Although no immediate action is required, node operators and developers will need to migrate to the new Base client in the coming months to remain compatible. The team says the architectural changes are expected to support greater scalability and decentralization over time.
The move comes shortly after Coinbase’s Q4 earnings, where the company reiterated plans to drive more transaction activity on Base in 2026.
Curvegrid Launches EIP-7702 Delegation Checker App
Curvegrid has introduced a new open-source EIP-7702 Delegation Checker App, designed to help users verify whether their Ethereum addresses have been delegated under EIP-7702 across multiple EVM chains. The tool addresses a growing visibility gap as account abstraction and wallet delegation become more common.
EIP-7702 allows externally owned accounts (EOAs) to execute programmable smart contract logic via delegation, effectively enabling an address to function both as a traditional EOA and as a smart wallet. While this unlocks batching, gas sponsorship, and custom authorization rules, delegation introduces a new trust model, closer to installing persistent software than approving a one-time transaction.
Curvegrid argues that delegation visibility is critical for safety. Before the checker’s release, users had to manually inspect multiple block explorers or write custom scripts to determine whether an address had been delegated. The Delegation Checker consolidates this process into a simple interface where users paste an address or ENS name and instantly see delegation status across supported EVM networks, without requiring a wallet connection.
The tool surfaces three visual signals for detected delegations: a green check mark for recognized implementations, a question mark for unknown delegates, and an orange warning triangle for contracts associated with malicious or compromised activity. Curvegrid emphasizes that these indicators assist interpretation but do not replace user due diligence.

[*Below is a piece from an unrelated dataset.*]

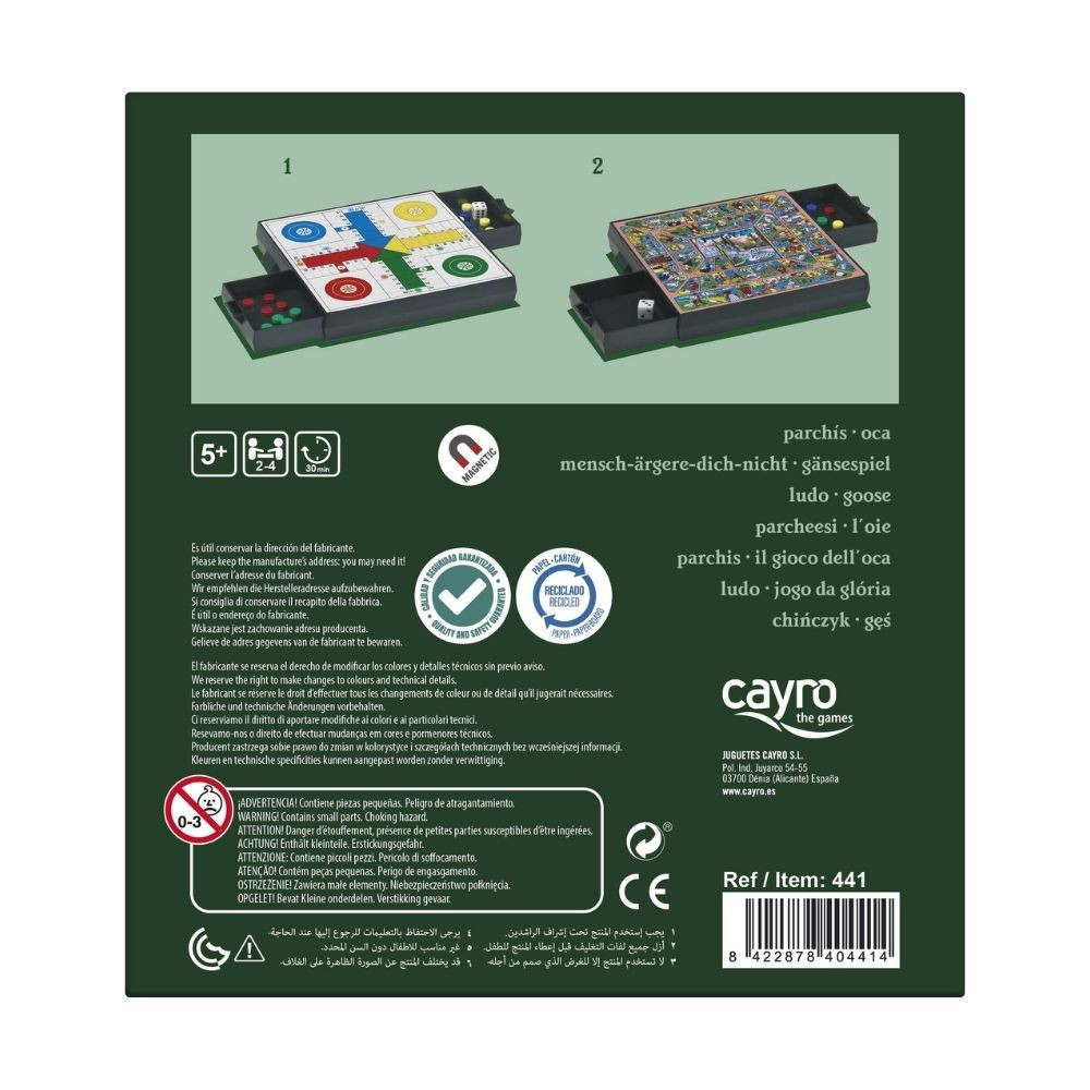 Két klasszikus játék, a Ki nevet a végén? és a Lúdjáték most elérhető egy kompakt, mágneses formában! A tartós műanyag és mágneses komponensek biztosítják, hogy a játék elemei stabilan a helyükön maradjanak, még utazás közben is. Ideális választás utazóknak vagy gyerekes családoknak, akik szeretik a sokoldalú társasjátékokat. A játékmenet könnyen átváltható az egyik vagy másik játékra; cél, hogy a figurád a "célmezőbe" érjen vagy Lúd játék esetén a lúd mezőjéig juss, a dobókocka segítségével. Kompakt és nyelvfüggetlen.

The app runs entirely in the browser, requires no backend infrastructure, and does not transmit wallet data upstream. It queries multiple RPC endpoints directly and allows revocation where wallet support exists. However, revocation remains inconsistent across wallet providers, highlighting what Curvegrid describes as a broader UX gap in the ecosystem.
The company notes that while the checker improves transparency, it cannot recover funds after compromise or guarantee delegate contract safety.